Exercise description - Between the line containing "TOP FLOOR west" and the line containing "Потім міський голова" lies a run of lines; give that run again exactly, with both of those lines, and nothing else from the entries below.

Listed entries -

--- START ---

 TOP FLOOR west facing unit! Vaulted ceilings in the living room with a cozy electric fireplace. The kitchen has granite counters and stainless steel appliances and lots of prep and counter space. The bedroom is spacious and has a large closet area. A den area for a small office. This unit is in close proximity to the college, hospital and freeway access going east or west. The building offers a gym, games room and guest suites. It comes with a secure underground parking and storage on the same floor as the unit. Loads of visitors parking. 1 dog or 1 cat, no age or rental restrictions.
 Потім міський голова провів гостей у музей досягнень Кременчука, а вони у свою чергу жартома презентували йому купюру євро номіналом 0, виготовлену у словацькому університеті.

--- END ---
--- START ---

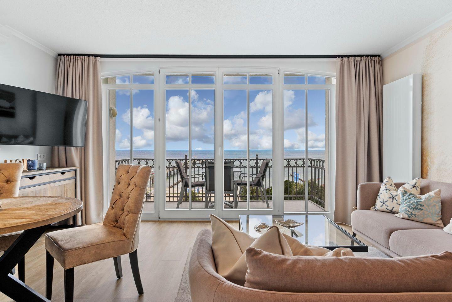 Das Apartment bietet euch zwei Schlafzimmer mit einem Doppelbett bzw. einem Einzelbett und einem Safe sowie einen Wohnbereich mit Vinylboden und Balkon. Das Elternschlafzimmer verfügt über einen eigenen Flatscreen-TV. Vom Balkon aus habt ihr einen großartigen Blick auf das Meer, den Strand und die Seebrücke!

--- END ---

Solution for this exercise -
 TOP FLOOR west facing unit! Vaulted ceilings in the living room with a cozy electric fireplace. The kitchen has granite counters and stainless steel appliances and lots of prep and counter space. The bedroom is spacious and has a large closet area. A den area for a small office. This unit is in close proximity to the college, hospital and freeway access going east or west. The building offers a gym, games room and guest suites. It comes with a secure underground parking and storage on the same floor as the unit. Loads of visitors parking. 1 dog or 1 cat, no age or rental restrictions.
 Потім міський голова провів гостей у музей досягнень Кременчука, а вони у свою чергу жартома презентували йому купюру євро номіналом 0, виготовлену у словацькому університеті.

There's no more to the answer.